ACTION ITEM >> In your copy, each line below is repeated exactly and no image appears.

(Recorded data)
- Opening Delimiter -

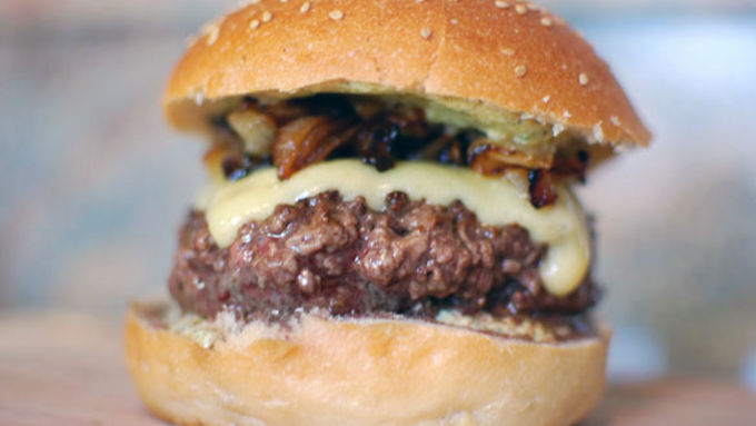 - A new burger chain opened here in Boston called 5 Napkin. They have a few locations in NYC, Miami, and Atlanta, and they have one of the best burgers I have eaten in recent memory. It’s called the 5 Napkin Signature Burger, and it boasts caramelized onions, Gruyere cheese, and a rosemary aioli. This burger is near perfect. The meats are ground fresh, the doneness was exactly to my liking, and the rosemary and onions really complimented the beef without overpowering it. When Tablespoon asked me about Iconic Burgers, and what great burgers I had eaten recently, The 5 Napkin burger instantly came to mind. I couldn't wait to get in the kitchen and try my hand at making a burger so beefy, savory, and delicious! This recipe for a 5 Napkin Signature Burger sure helps if you don’t live close to one of their urban locations! Ground beef is just fine for most burgers I eat, but when I am really trying for something special I grind my own in the food processor. But, store-bought ground beef works great too!
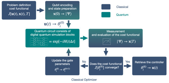 The spirit of the proposal is to replace numerical simulation in classical computers with DQS. In this way, we present the head-to-head comparison between classical methods for a better understanding. We show the schematic diagram of the whole workflow in Figure 1, and address the subroutines that differ from classical approaches in the following subsections.
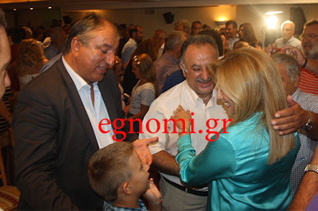 Οι πολιτευτές του ΠΑΣΟΚ Θανάσης Τάρτης και Γιάννης Μπουροδήμος έσπευσαν να χαιρετίσουν την Φώφη Γεννηματά μετά την ομιλία της στη Χαλκίδα, αλλά ήταν άλλος αυτός που κέρδισε την προσοχή της προέδρου του ΠΑΣΟΚ.
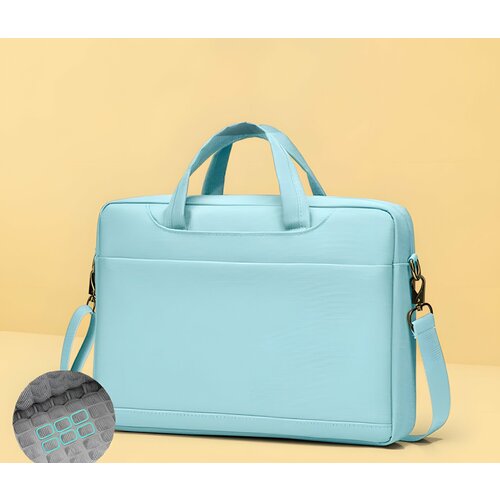 Противоударная сумка для ноутбука диагональю 13-14 дюймов выполнена в небесно-голубом цвете, который придаст вашему образу свежесть и легкость.
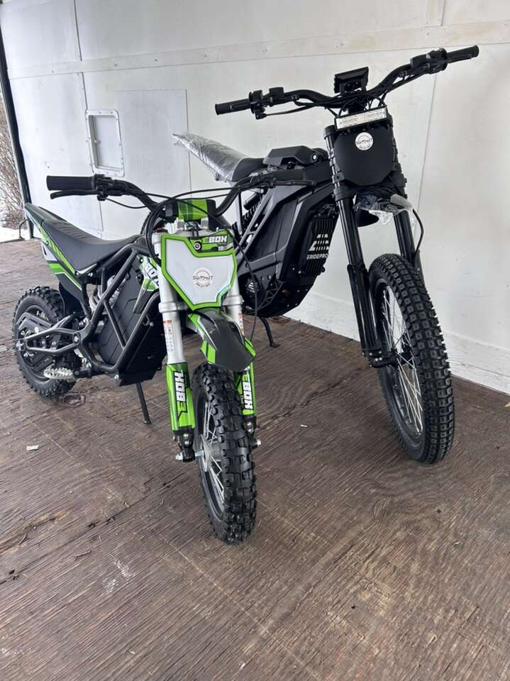 ZelleEBox 2.0 and 1.6 bikes in stock ready to go. 6 hour run time. 32 mph. Adjustable speed and throttle knobs. Tons of fun for all ages. E box is the go to brand in the pit bike and mini bikes. All electric so maintenance is a breeze.
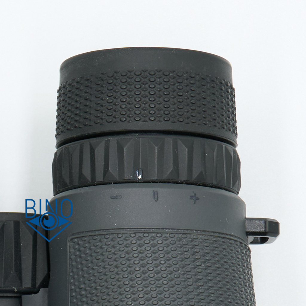 Диоптрийная коррекция выполнена под правым окуляром в виде прорезиненного кольца, которое стилизовано под колесо фокусера. На левом тубусе такого же кольца для симметрии нет. Кольцо не сбивается со своего положения при случайном задевании. Вращение плавное без ступенек и тугое, на 65 градусов влево от нулевой метки и на 65 градусов вправо.
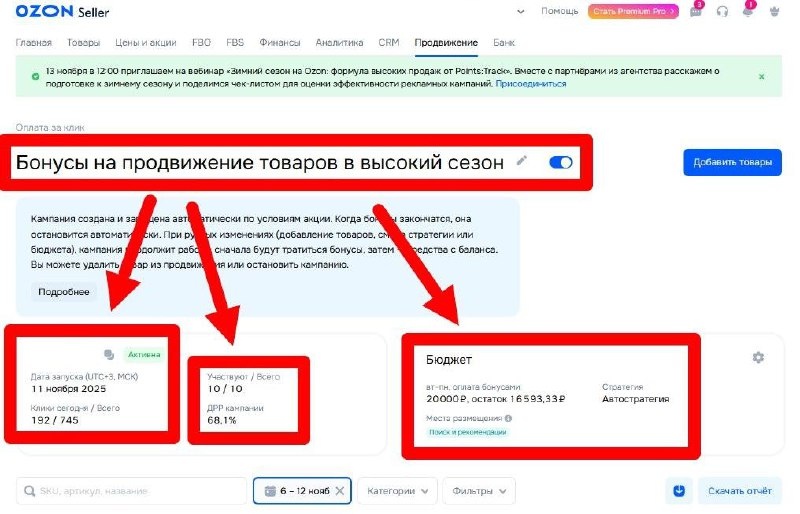 Ozon сам запускает рекламные кампании за селлеров. И есть нюанс. Селлер прислал скрин: в его кабинете появилась рекламная кампания, созданная автоматически. Он её не запускал — Ozon сам выбрал стратегию, добавил товары, назначил бюджет и списывает «бонусы». На скрине указано: «Кампания создана и запущена автоматически по условиям акции. Когда бонусы закончатся, она остановится. При ручных изменениях (добавление товаров, изменение стратегии или бюджета) — продолжит работать уже за счёт ваших средств». То есть — пока не трогаешь кампанию, она идёт на бонусах. Но стоит что-то изменить — и Оzon начнёт списывать рубли с баланса селлера. Будьте внимательны: проверьте вкладку «Продвижение → Оплата за клик» — нет ли там “подарков”, которые начнут работать за ваш счёт после первого клика в настройках. Marketplace_biz - отдай свой буст каналу
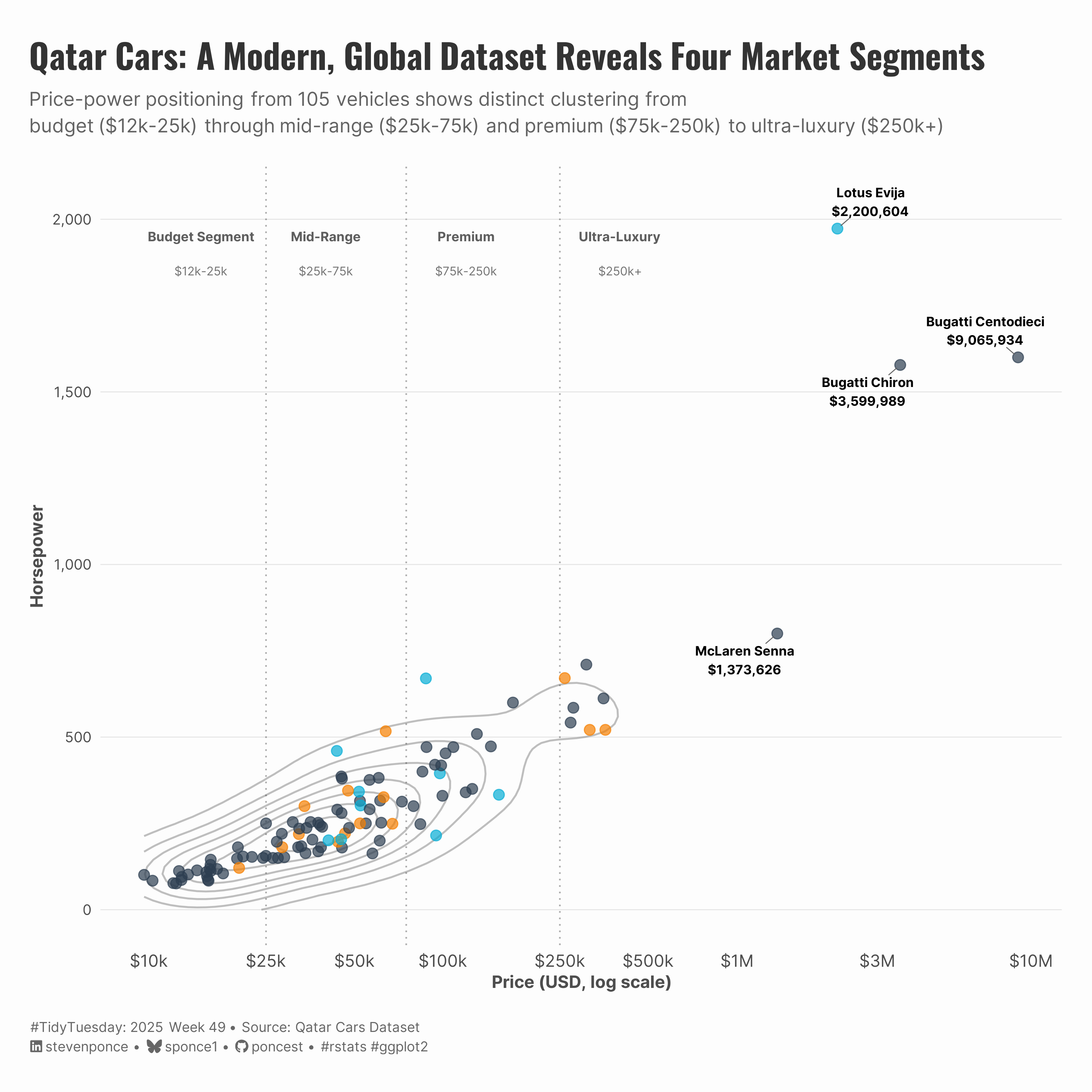 description: "Exploring the Qatar Cars dataset—a modern, internationally-focused alternative to mtcars—through price-power positioning analysis. This scatter plot visualization reveals four distinct market segments and demonstrates how the dataset captures the full automotive spectrum from budget vehicles to multi-million dollar hypercars."
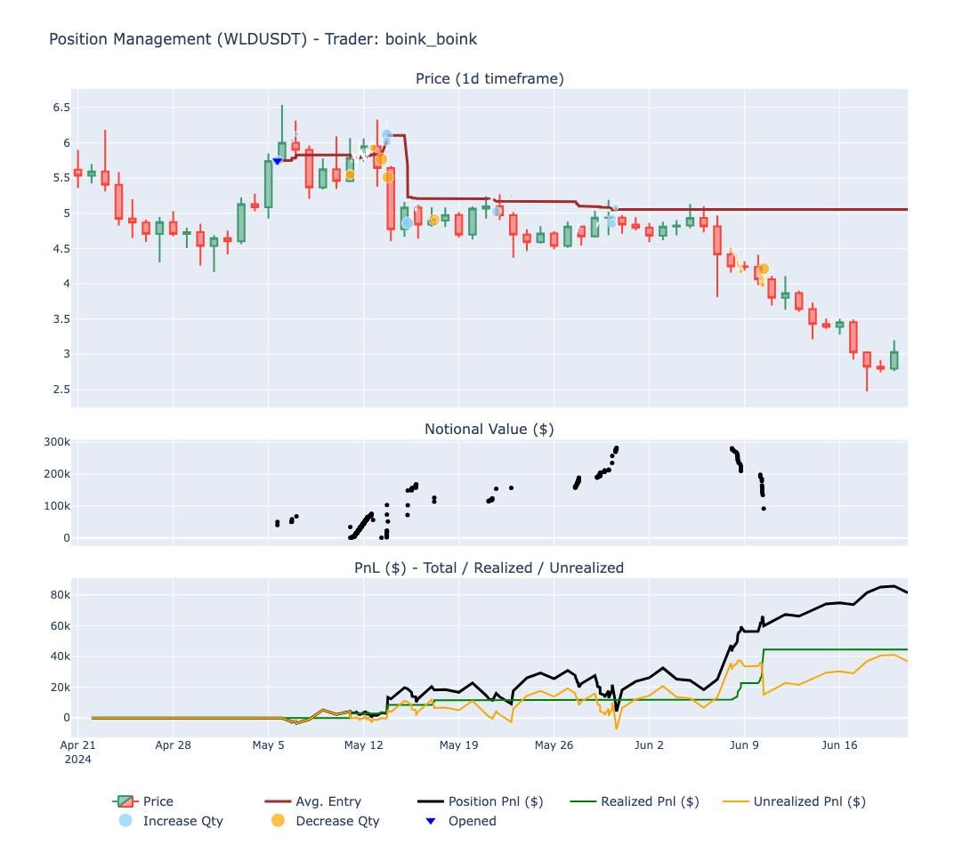 Notably, boink_boink managed to keep his average entry price above the $WLD price while incrementally increasing his position from $6 to $5. As the price started to decline and broke the support area, he began taking profits. This strategy likely allowed boink_boink to start with a smaller, lower-risk position and increase his size as the price moved in his favor, ultimately resulting in a larger, profitable position.
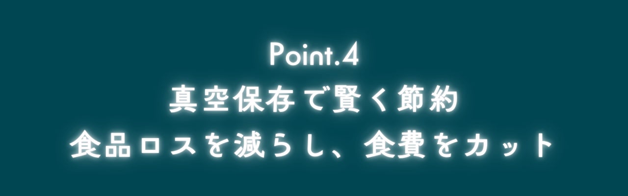 真空保存によって開封後の酸化や腐敗を遅らせ鮮度を長く保つことで、普段の食材を無駄なく使い切れます。セールでまとめ買いした食品もより長持ち。コストパフォーマンスの面でも非常にお得です。
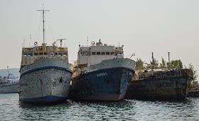 Виды озера Байкал. Пристань в порту Байкал. Старые корабли на приколе.
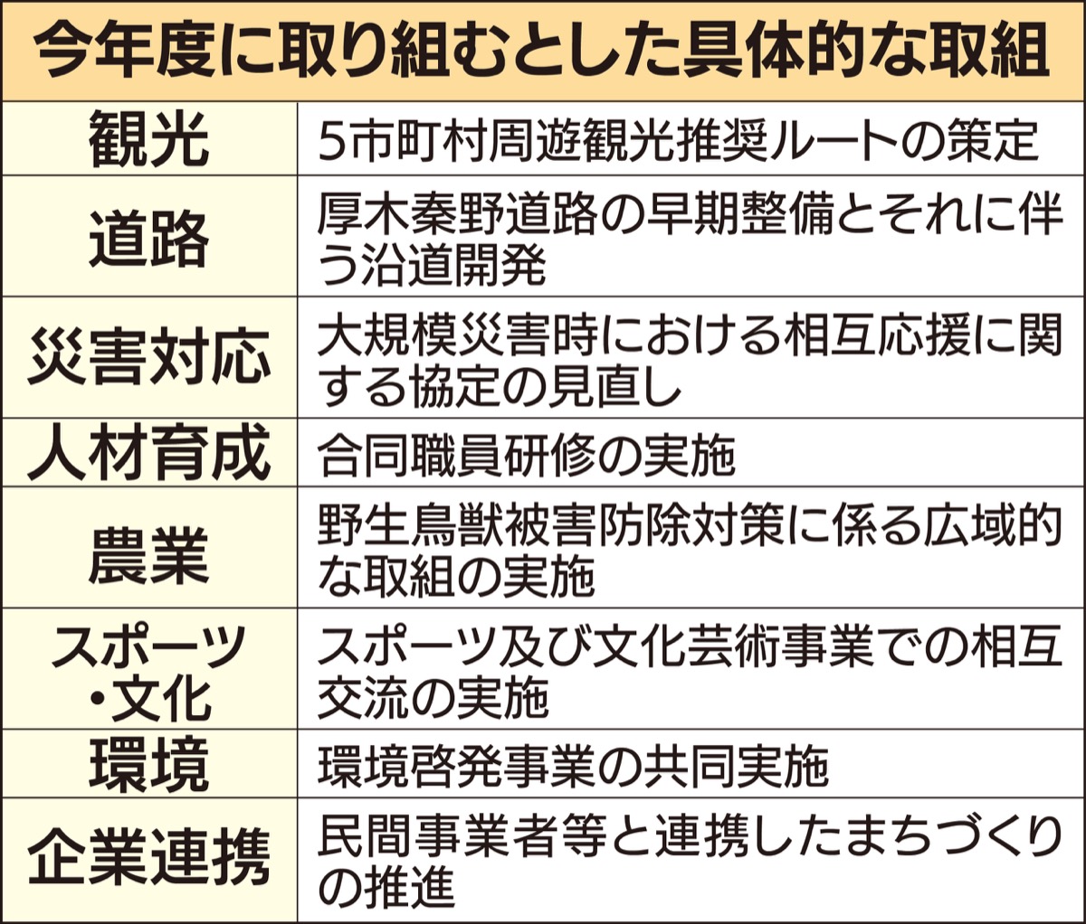 市長就任以来、私の公約である「県央姉妹都市構想」を厚木市の取組として掲げ、近隣市町村との広域連携の推進を重要施策の一つとして取り組む中、秦野市、伊勢原市、愛川町、清川村と、丹沢・大山を軸とした連携強化に向けた協議を進め、本年7月18日に広域連携の強化に関する協定の締結に至ったものです。厚木市が進める「県央姉妹都市構想」の取組と、5市町村の協定に基づく取組については、いずれも「都市間協調」の視点から地域全体の活性化を図り、将来にわたり発展し続け、魅力あふれる地域社会の創造を目指すものであり、目指す方向性や目的は同一であると認識しています。

- Closing Delimiter -

TASK OUTPUT >>
 - A new burger chain opened here in Boston called 5 Napkin. They have a few locations in NYC, Miami, and Atlanta, and they have one of the best burgers I have eaten in recent memory. It’s called the 5 Napkin Signature Burger, and it boasts caramelized onions, Gruyere cheese, and a rosemary aioli. This burger is near perfect. The meats are ground fresh, the doneness was exactly to my liking, and the rosemary and onions really complimented the beef without overpowering it. When Tablespoon asked me about Iconic Burgers, and what great burgers I had eaten recently, The 5 Napkin burger instantly came to mind. I couldn't wait to get in the kitchen and try my hand at making a burger so beefy, savory, and delicious! This recipe for a 5 Napkin Signature Burger sure helps if you don’t live close to one of their urban locations! Ground beef is just fine for most burgers I eat, but when I am really trying for something special I grind my own in the food processor. But, store-bought ground beef works great too!
 The spirit of the proposal is to replace numerical simulation in classical computers with DQS. In this way, we present the head-to-head comparison between classical methods for a better understanding. We show the schematic diagram of the whole workflow in Figure 1, and address the subroutines that differ from classical approaches in the following subsections.
 Οι πολιτευτές του ΠΑΣΟΚ Θανάσης Τάρτης και Γιάννης Μπουροδήμος έσπευσαν να χαιρετίσουν την Φώφη Γεννηματά μετά την ομιλία της στη Χαλκίδα, αλλά ήταν άλλος αυτός που κέρδισε την προσοχή της προέδρου του ΠΑΣΟΚ.
 Противоударная сумка для ноутбука диагональю 13-14 дюймов выполнена в небесно-голубом цвете, который придаст вашему образу свежесть и легкость.
 ZelleEBox 2.0 and 1.6 bikes in stock ready to go. 6 hour run time. 32 mph. Adjustable speed and throttle knobs. Tons of fun for all ages. E box is the go to brand in the pit bike and mini bikes. All electric so maintenance is a breeze.
 Диоптрийная коррекция выполнена под правым окуляром в виде прорезиненного кольца, которое стилизовано под колесо фокусера. На левом тубусе такого же кольца для симметрии нет. Кольцо не сбивается со своего положения при случайном задевании. Вращение плавное без ступенек и тугое, на 65 градусов влево от нулевой метки и на 65 градусов вправо.
 Ozon сам запускает рекламные кампании за селлеров. И есть нюанс. Селлер прислал скрин: в его кабинете появилась рекламная кампания, созданная автоматически. Он её не запускал — Ozon сам выбрал стратегию, добавил товары, назначил бюджет и списывает «бонусы». На скрине указано: «Кампания создана и запущена автоматически по условиям акции. Когда бонусы закончатся, она остановится. При ручных изменениях (добавление товаров, изменение стратегии или бюджета) — продолжит работать уже за счёт ваших средств». То есть — пока не трогаешь кампанию, она идёт на бонусах. Но стоит что-то изменить — и Оzon начнёт списывать рубли с баланса селлера. Будьте внимательны: проверьте вкладку «Продвижение → Оплата за клик» — нет ли там “подарков”, которые начнут работать за ваш счёт после первого клика в настройках. Marketplace_biz - отдай свой буст каналу
 description: "Exploring the Qatar Cars dataset—a modern, internationally-focused alternative to mtcars—through price-power positioning analysis. This scatter plot visualization reveals four distinct market segments and demonstrates how the dataset captures the full automotive spectrum from budget vehicles to multi-million dollar hypercars."
 Notably, boink_boink managed to keep his average entry price above the $WLD price while incrementally increasing his position from $6 to $5. As the price started to decline and broke the support area, he began taking profits. This strategy likely allowed boink_boink to start with a smaller, lower-risk position and increase his size as the price moved in his favor, ultimately resulting in a larger, profitable position.
 真空保存によって開封後の酸化や腐敗を遅らせ鮮度を長く保つことで、普段の食材を無駄なく使い切れます。セールでまとめ買いした食品もより長持ち。コストパフォーマンスの面でも非常にお得です。
 Виды озера Байкал. Пристань в порту Байкал. Старые корабли на приколе.
 市長就任以来、私の公約である「県央姉妹都市構想」を厚木市の取組として掲げ、近隣市町村との広域連携の推進を重要施策の一つとして取り組む中、秦野市、伊勢原市、愛川町、清川村と、丹沢・大山を軸とした連携強化に向けた協議を進め、本年7月18日に広域連携の強化に関する協定の締結に至ったものです。厚木市が進める「県央姉妹都市構想」の取組と、5市町村の協定に基づく取組については、いずれも「都市間協調」の視点から地域全体の活性化を図り、将来にわたり発展し続け、魅力あふれる地域社会の創造を目指すものであり、目指す方向性や目的は同一であると認識しています。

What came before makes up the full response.